WHAT THE TASK REQUIRES: Could you retype the lines below, starting at the line holding "EIKOSHA ароматизатор для" and stopping at the line holding "деревесиные, 4 см", inclusive? Copy them exactly and drop the images.

INPUT RECORDS:
-*-

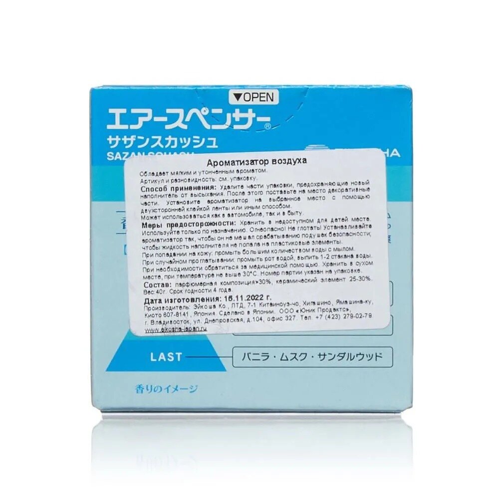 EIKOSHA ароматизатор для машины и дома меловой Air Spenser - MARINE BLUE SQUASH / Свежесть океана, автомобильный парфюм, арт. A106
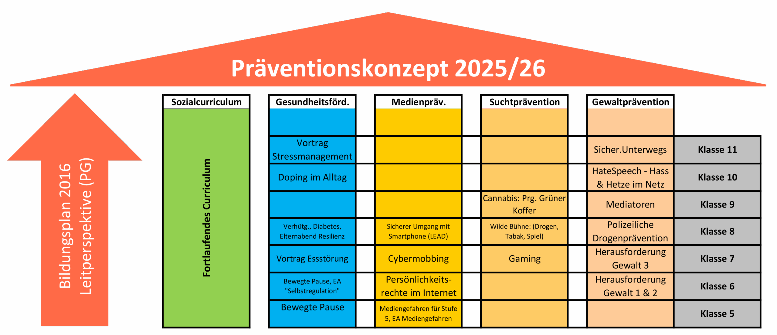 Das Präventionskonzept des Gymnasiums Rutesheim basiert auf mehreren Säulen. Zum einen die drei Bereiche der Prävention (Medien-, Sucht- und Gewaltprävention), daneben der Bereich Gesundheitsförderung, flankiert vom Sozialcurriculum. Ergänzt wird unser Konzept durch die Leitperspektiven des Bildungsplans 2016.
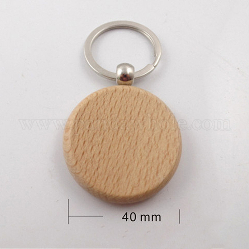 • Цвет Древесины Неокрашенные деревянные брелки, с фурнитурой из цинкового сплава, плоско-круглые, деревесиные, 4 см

-*-

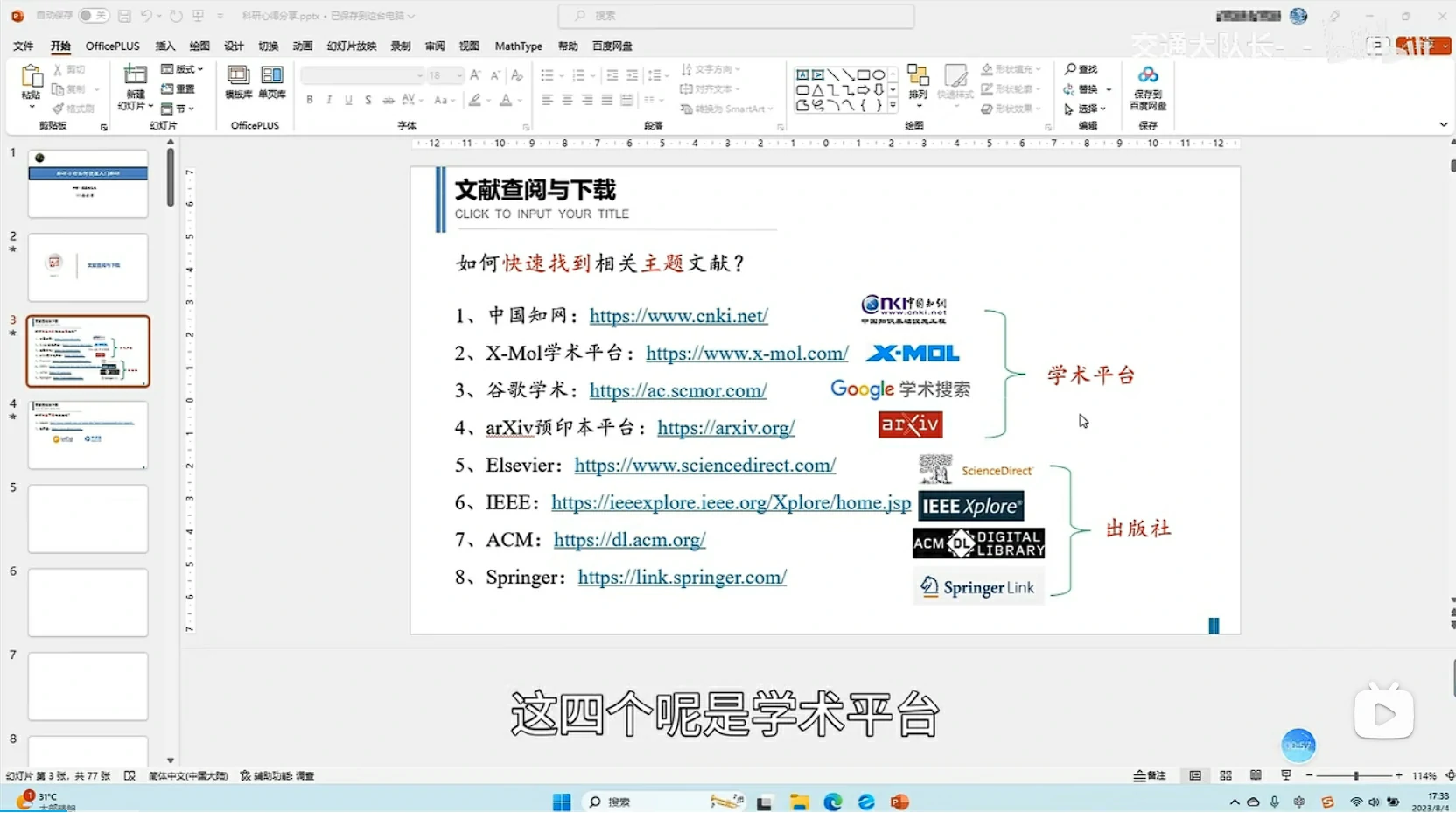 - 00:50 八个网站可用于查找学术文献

-*-

REPLY TO THE EXERCISE:
 EIKOSHA ароматизатор для машины и дома меловой Air Spenser - MARINE BLUE SQUASH / Свежесть океана, автомобильный парфюм, арт. A106
 Das Präventionskonzept des Gymnasiums Rutesheim basiert auf mehreren Säulen. Zum einen die drei Bereiche der Prävention (Medien-, Sucht- und Gewaltprävention), daneben der Bereich Gesundheitsförderung, flankiert vom Sozialcurriculum. Ergänzt wird unser Konzept durch die Leitperspektiven des Bildungsplans 2016.
 • Цвет Древесины Неокрашенные деревянные брелки, с фурнитурой из цинкового сплава, плоско-круглые, деревесиные, 4 см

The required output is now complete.